Winter finishing is “finished”, the Irish Cattle and Sheep Farmers’ Association (ICSA) has claimed, because factories are cutting prices on a “weekly” basis it said.
The association is also warning that it is not “economically viable” for farmers to continue to produce sustainable beef for supermarkets “at a loss”.
Edmund Graham, beef chair with the ICSA, said that, fundamentally, it is no longer possible for farmers to consider finishing cattle at two years of age out of a shed in the current economic climate.
“The economics of any winter finishing system do not stack up as prices have fallen nearly €1/kg since June,” he said.
“This week, factories are quoting as low as €4.55/kg which is totally unsustainable considering current escalating costs.”

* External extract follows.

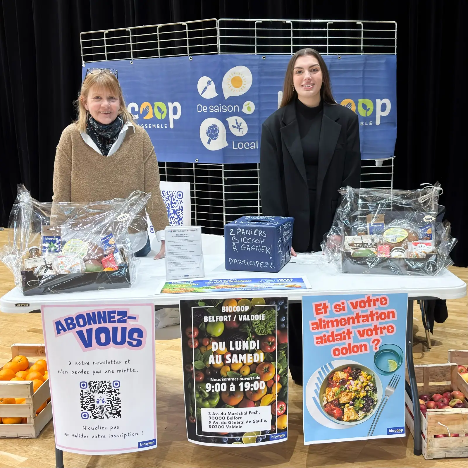 Le mardi 17 mars dernier, la Biocoop Le Grenier Vert était fière de s'associer à la Ligue contre le cancer à l'occasion du Côlon Tour, qui faisait étape à Voujeaucourt, à la salle de la Cray.
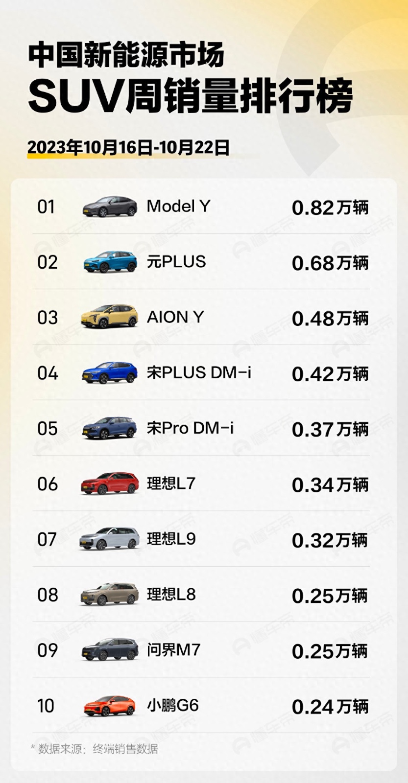 10月16日至10月22日最新一周新能源汽车品牌销量出炉。

Graham said the ICSA has repeatedly engaged with Teagasc in relation to feeding costs because of the rising cost pressures which farmers are facing on a daily basis.
“Some of our producers are calculating daily feed costs (including all fixed and variable costs) of up to €9/day,” he added.
“Teagasc [has] a sum of €6/day, but that includes a period of low-cost grazing in the autumn.
“Typically, we might aspire to a carcase weight gain of 0.6kg/day. At a price of €4.55/kg plus QAS bonus of 20c/kg, a typical R3 steer will fetch €4.75/kg. This works out at €2.85/day which makes intense winter finishing utterly insane.”
According to the beef chair, the ICSA is now urging winter finishers to “do their sums”.
In Graham’s opinion, producers should “inform their factories” that they will not feed cattle this winter to finish in springtime because the figures simply “do not stack up”.
He said it makes more sense to finish them off grass next summer.
The ICSA has said that current supermarket prices do not reflect the reality of production costs.
“It is beyond belief that beef is still being off-loaded in supermarkets at the exact same prices that consumers were paying three years ago,” he added.
“This is not economically sustainable. Farmers are being lectured continuously about what consumers want, but supermarkets cannot expect that this can be delivered at a loss by farmers.
“If consumers want more sustainable beef, retailers need to explain to consumers this comes at a cost.”
Last week, the ICMSA also accused beef processors of “hiding behind” the recent fall in the value of the pound sterling to reduce prices paid to farmers.
Des Morrison, the association’s livestock chairperson, said that the ICSMA did not accept that the pressure in sterling and loss of economic confidence in the UK was “any kind of rational explanation for the fall in beef prices experienced over recent periods”.
“The first thing to note is that the slide in beef prices comfortably predates the latest sterling slide.
“Beef prices have fallen by approximately 80c/kg since June. Factories were sliding prices down at least two and a half months before the ‘fiscal statement’ of September triggered the notable fall in sterling against the euro,” Morrison added.